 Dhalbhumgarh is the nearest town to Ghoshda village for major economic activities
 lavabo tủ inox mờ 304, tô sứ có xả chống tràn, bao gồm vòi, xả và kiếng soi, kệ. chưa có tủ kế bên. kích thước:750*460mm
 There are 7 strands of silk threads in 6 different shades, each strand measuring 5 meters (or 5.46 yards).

★ ★ ★ ★ ★ ★ ★

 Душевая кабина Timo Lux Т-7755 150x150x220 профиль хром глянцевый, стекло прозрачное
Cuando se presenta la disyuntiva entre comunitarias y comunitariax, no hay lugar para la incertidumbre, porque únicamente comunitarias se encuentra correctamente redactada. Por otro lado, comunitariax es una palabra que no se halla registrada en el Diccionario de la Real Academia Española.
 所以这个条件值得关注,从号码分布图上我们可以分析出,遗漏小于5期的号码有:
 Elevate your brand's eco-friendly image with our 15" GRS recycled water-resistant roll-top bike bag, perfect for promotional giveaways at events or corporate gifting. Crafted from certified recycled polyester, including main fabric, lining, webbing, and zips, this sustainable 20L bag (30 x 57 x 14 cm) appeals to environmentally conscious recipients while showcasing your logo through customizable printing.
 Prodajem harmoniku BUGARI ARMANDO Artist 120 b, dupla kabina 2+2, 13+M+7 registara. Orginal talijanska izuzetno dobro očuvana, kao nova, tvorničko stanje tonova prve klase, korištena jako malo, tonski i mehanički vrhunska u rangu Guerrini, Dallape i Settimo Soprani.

★ ★ ★ ★ ★ ★ ★

> **HOW TO COMPLETE THIS TASK**
Take exactly the lines from the one containing "Dhalbhumgarh is the" through the one containing "There are 7" in the data above, and output them with nothing added.

> **PROBLEM SOLUTION**
 Dhalbhumgarh is the nearest town to Ghoshda village for major economic activities
 lavabo tủ inox mờ 304, tô sứ có xả chống tràn, bao gồm vòi, xả và kiếng soi, kệ. chưa có tủ kế bên. kích thước:750*460mm
 There are 7 strands of silk threads in 6 different shades, each strand measuring 5 meters (or 5.46 yards).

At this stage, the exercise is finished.